[ACTION ITEM]: Pictures are to be dropped, and only the lines from the one containing "Onderdelen lijst van" through the end of the data below are to be reproduced as written.
● ● ● ●
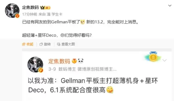 华为13.2寸平板星环镜头实拍图曝光 全场景设计揭晓
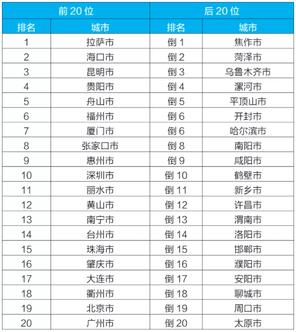 空氣質(zhì)量排名前20位和后20位城市名單
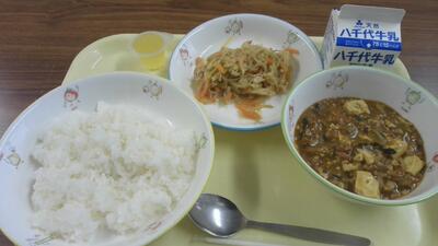 今日の給食(マーボー豆腐、ちくわのコロコロサラダ)
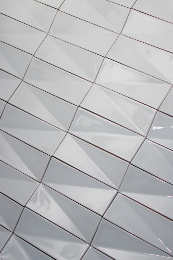 Simple geometrical tiles with two contra-inclined surfaces. The morphology comes from the study of the pine bark structure. By its form, it tributes to Cubism in architecture, a unique Czech legacy in world architecture. The set consists of two types which enable a bunch of different compositions.
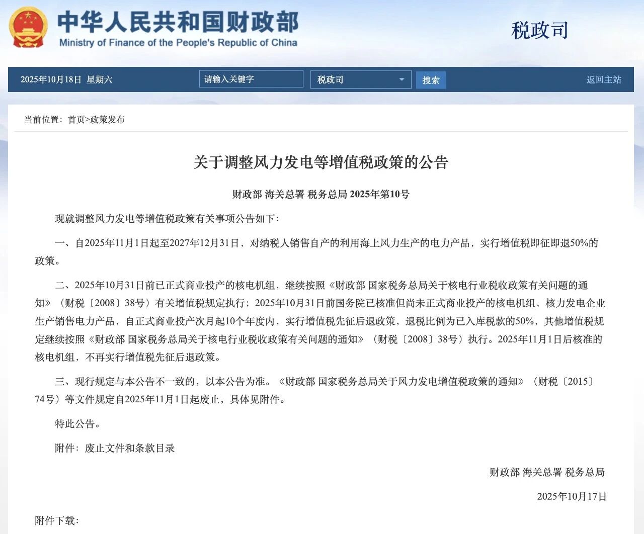 10月18日,财政部、海关总署和国家税务总局联合发布《关于调整风力发电等增值税政策的公告》。
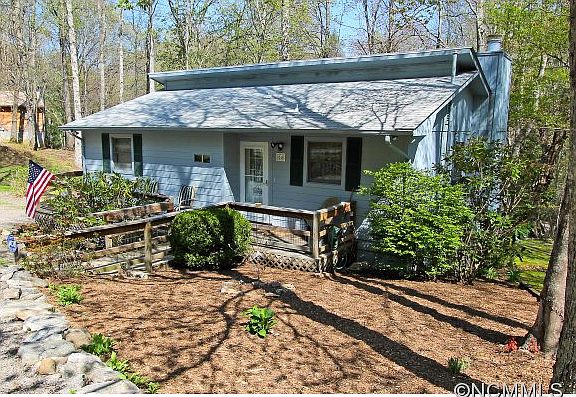 INCOME PRODUCING OR MOTHER IN LAW SUITE. Charming Cabin located in Mountain Top Subdivision with easy Paved Access at the Entrance of Maggie Valley. 2-Bedroom, 2-Bath home has an Open Floor Plan, Fireplace, Laminate Flooring, Sunroom, Outbuilding, and Kitchenette for extra Rental Income.
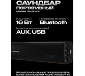 ПОРТАТИВНЫЙ САУНДБАР Выходная мощность: 16 Вт LED дисплей Bluetooth 5.3 Поддержка аудионосителей: USB/microSD Аудиовход AUX-in Воспроизведение формата MP3 FM-радио Функция True Wireless Stereo Hands free Встроенная батарея: 1800 мАч Время работы от аккумулятора: до 8 часов* Цвет: чёрный
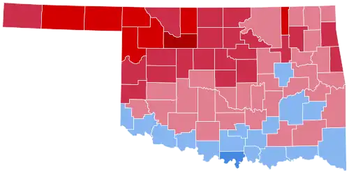 With 59.02% of the popular vote, Oklahoma would prove to be Nixon's third strongest state in 1960 after Nebraska and Kansas.[3] This election marked the first time since statehood that a Democrat won the presidency without carrying Oklahoma. Oklahoma was one of six states that swung towards Republicans compared to 1956, alongside Alabama, Georgia, Mississippi, South Carolina, and Tennessee.[4]
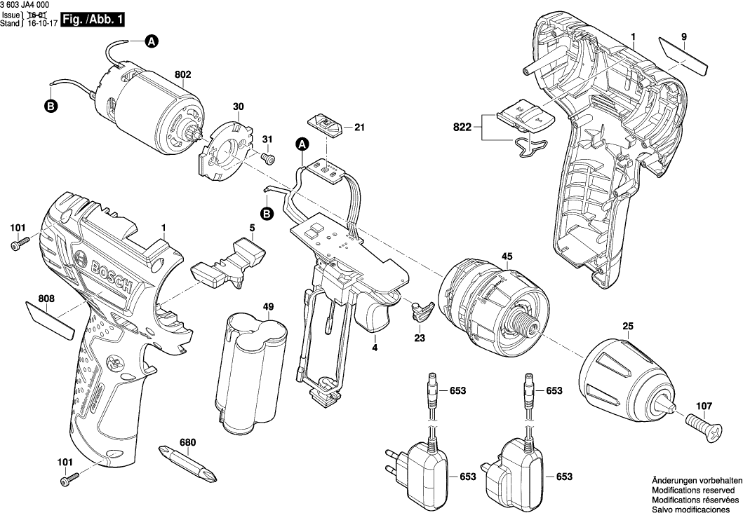 Onderdelen lijst van de Bosch 3603JA4000 ( PSR10,8LI-2 )
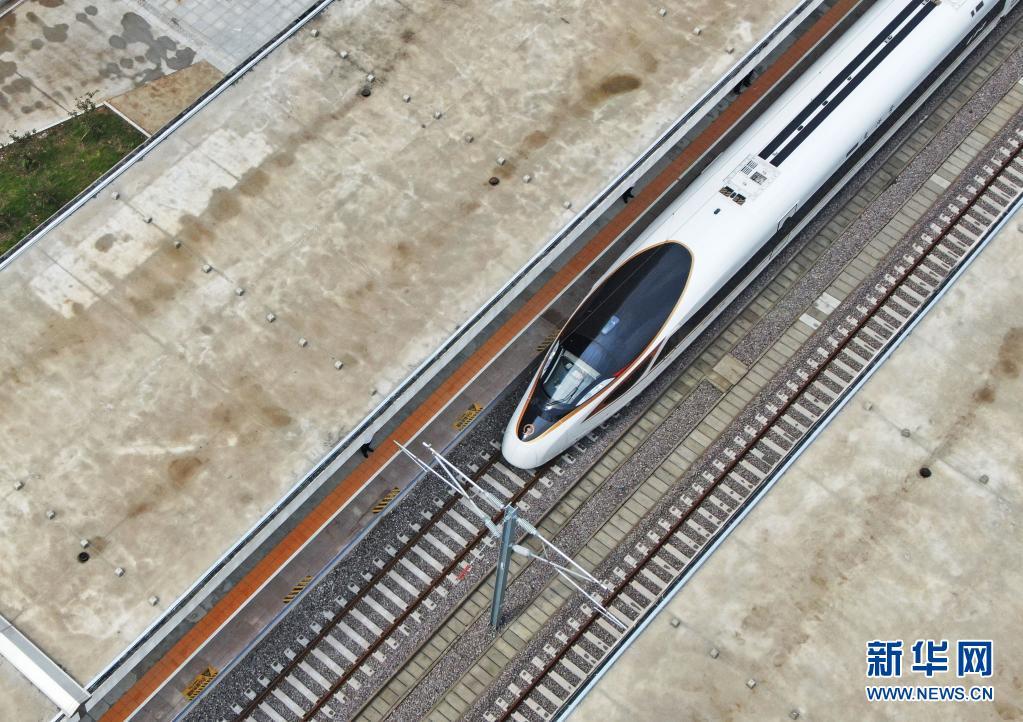 8月3日,在锦州北站,朝凌高铁正式开通运营。(无人机照片)新华社记者杨青 摄
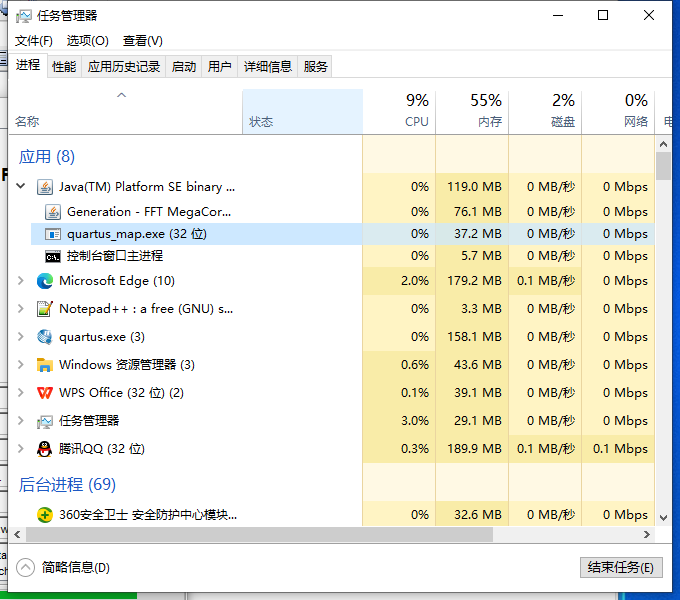 据网友表示,遇到这个问题时,在任务管理器中手动关闭quartus_map进程就可以了
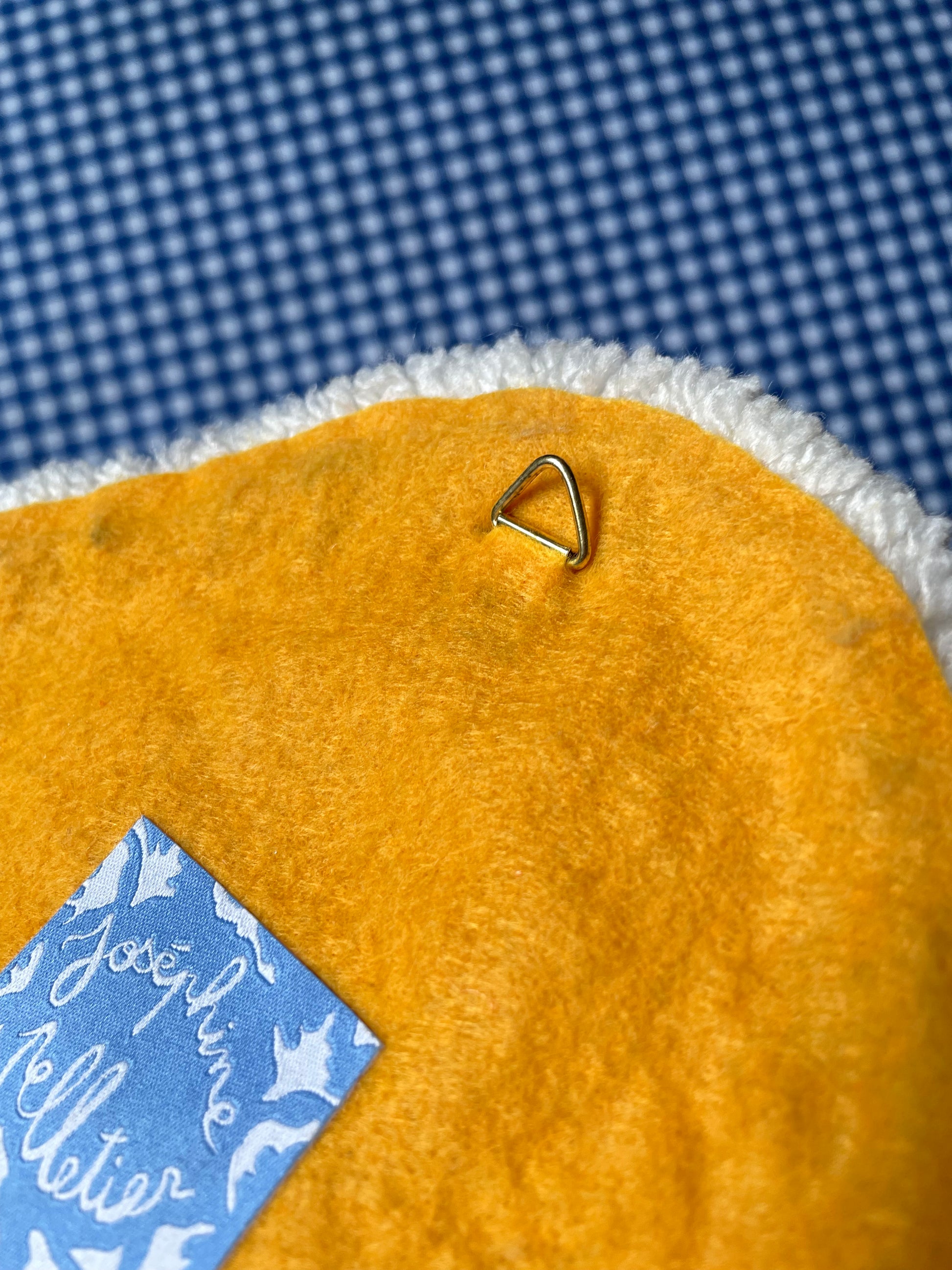 Décoration murale en tufting, crochet de suspension dans le dos.
● ● ● ●
[TASK RESULT]:
 Onderdelen lijst van de Bosch 3603JA4000 ( PSR10,8LI-2 )
 8月3日,在锦州北站,朝凌高铁正式开通运营。(无人机照片)新华社记者杨青 摄
 据网友表示,遇到这个问题时,在任务管理器中手动关闭quartus_map进程就可以了
 Décoration murale en tufting, crochet de suspension dans le dos.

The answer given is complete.